Photovoltaic power generation is based on the principle of photovoltaic effect, using solar cells to directly convert solar energy into electrical energy. Whether it is used independently or connected to the grid for power generation, photovoltaic power generation systems are mainly composed of solar panels (components), controllers and inverters. They are mainly composed of electronic components and do not involve mechanical components. Therefore, photovoltaic power generation equipment Extremely refined, reliable, stable, long life, easy to install and maintain. In theory, photovoltaic power generation technology can be used in any occasion where power is needed, from spacecraft, down to household power sources, as large as megawatt power stations, as small as toys, and photovoltaic power sources are everywhere.
In 1839, a young French experimental physicist named Henry Becquerel discovered the photoelectric effect. When he experimented with two metal electrodes in an electrically conductive solution, he found that the device was exposed to light to increase the voltage. Until the end of the 1800s, some researchers, including Werner Siemens and others who were equally prestigious, had great hopes for the potential benefits of photovoltaic power generation, although many of them carried out selenium-related work (Willoughby. Smith, 1873; Charles Fritz, 1880), its photoelectric conversion rate is less than 1%. However, these researchers had to overcome the credibility problem because photovoltaics seemed to violate the laws of physics known at the time.

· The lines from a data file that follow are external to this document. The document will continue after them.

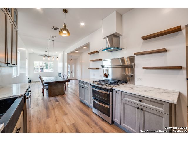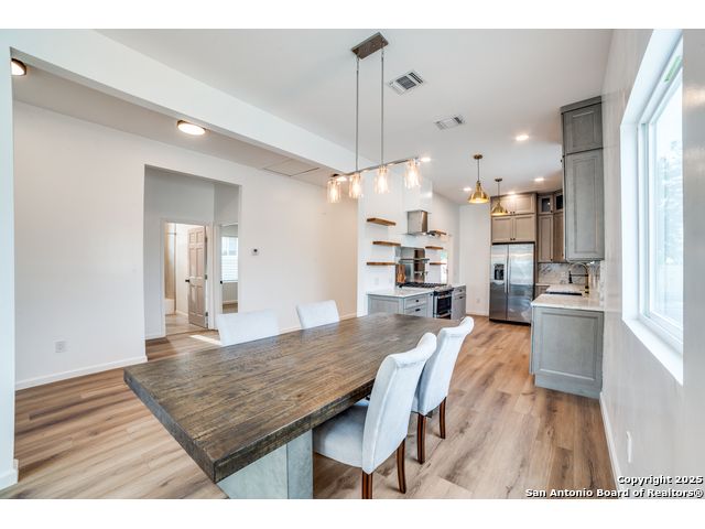 Thoughtfully designed and meticulously finished, this 3-bedroom, 2-bathroom beauty offers a level of quality and charm that's hard to find. From the moment you step inside, you'll notice the difference-every detail has been carefully considered, from the custom kitchen cabinetry and high-end countertops to the stylish light fixtures, modern hardware, and rich flooring underfoot. Sunlight pours through updated windows, giving this elegant yet cozy space an airy,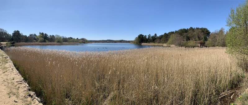 From the main Great Pond car park at Frensham walk down towards the water’s edge and turn right along any convenient path. Follow the water’s edge as best you can, as far as you can. There will be some views across Frensham Great Pond, a few little patches of phragmites reeds and over to your right some heathland managed for sand lizards, one of our rarest reptiles. The path gets a bit more enclosed as you walk along and watch for butterflies, dragonflies and birds all the way.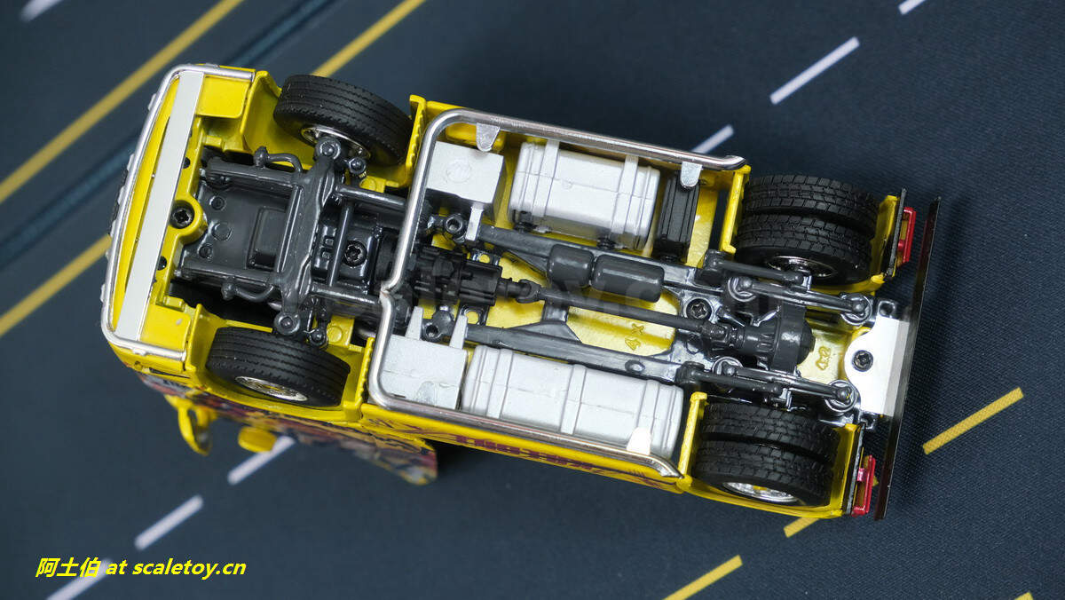 拖挂部位全部覆盖了金属光面板,实车一定更加炫酷。第五轴盖板上的图案也是细致入微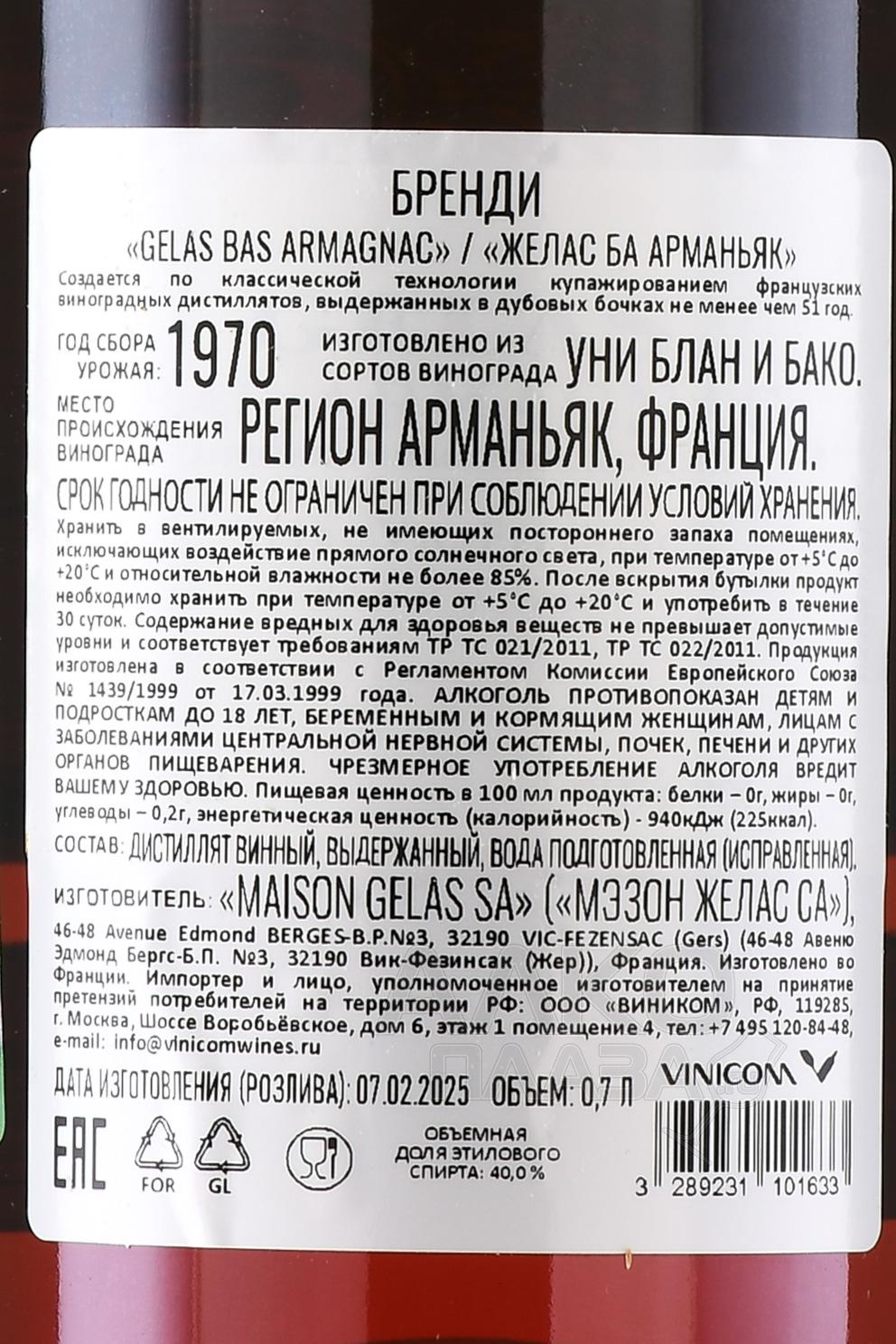Gelas 1970 - арманьяк Желас 1970 года 0.7 л
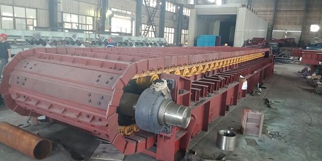 近年來(lái), 對(duì)板式給料機(jī)的需求量不斷擴(kuò)大, 除了作為給料機(jī)使用外, 逐漸也用來(lái)轉(zhuǎn)運(yùn)物料。從幾年來(lái)的供貨及需求情況看, 除訂貨量增大外, 也要求長(zhǎng)度增大,板式給料機(jī)長(zhǎng)度已達(dá)30米以上, GBL中型長(zhǎng)度也超過20米.因此, 整體式機(jī)架已不能滿足用戶要求, 可采用分段裝配式, 即分標(biāo)堆節(jié)非標(biāo)準(zhǔn)節(jié)頭節(jié)和尾節(jié), 這樣便于制造安裝和運(yùn)輸,另外尾節(jié)部分應(yīng)配置受料漏斗.

It was not until 1904 that Einstein published a paper on the photoelectric effect. Since then, the entire scientific community no longer regards photovoltaics as a scientific hoax. Einstein won the Nobel Prize in Physics in 1921, not because of his theory of relativity or other work.
Unfortunately, due to the low conversion efficiency and high production cost of selenium, the technology was left out until the 1950s. Researchers at Bell Laboratories developed silicon-based photoelectric conversion devices in the United States, and they were quickly engineered. And achieve a conversion efficiency of 6% (research work on the photovoltaic characteristics of other materials is still continuing in the RCA laboratory and other places).
After a period of initial craze and some ground applications, relative to the expected benefits, photovoltaic technology was once again cold due to its high cost. After that, in 1958, the first orbiting satellite powered by photovoltaics was successfully launched (“Voyager I”,
March 18, 1958), thus photovoltaics created a new era and a considerable market-science and technology. Regardless of cost, there is simply no other way to provide long-term, reliable power for the space vehicle. Moreover, almost all orbiting space vehicles have used photovoltaics as their power source since then.
The status quo of aerospace as the only market for photovoltaic applications lasted for 15 years. Although some ground systems were installed in the mid to late 1960s, including the buoy system in the sea of Tokyo Port, Japan, this market did not generate much interest until 1973, when the oil embargo caused energy interruption, countries around the world The government began to look for alternative energy sources. Coincidentally, as soon as the news of the oil embargo came out, the first meeting of ground-based photovoltaic power generation was held in Cherry Hill, New Jersey, USA. Later, from the early 1970s, when the capacity of photovoltaic modules was only a few hundred kW/a, it increased to nearly 200MW/a in 2000 (mostly used in rural and remote power systems). After 15 years of growth in the photovoltaic industry, by 2007, the total installed photovoltaic capacity increased from 100MW in 1992 to 7,800MW in 2007 (IECPVPS T12008 photovoltaic application trend report).
Today, the technology is widely used, from world communication networks, satellites, relay stations, and remote power supplies for communication equipment, to large-scale solar power plants, grid-connected residential and commercial buildings, to rural and remote lighting and pumping systems. Figure 1 shows the cumulative grid-connected and off-grid installed capacity of the countries in the report.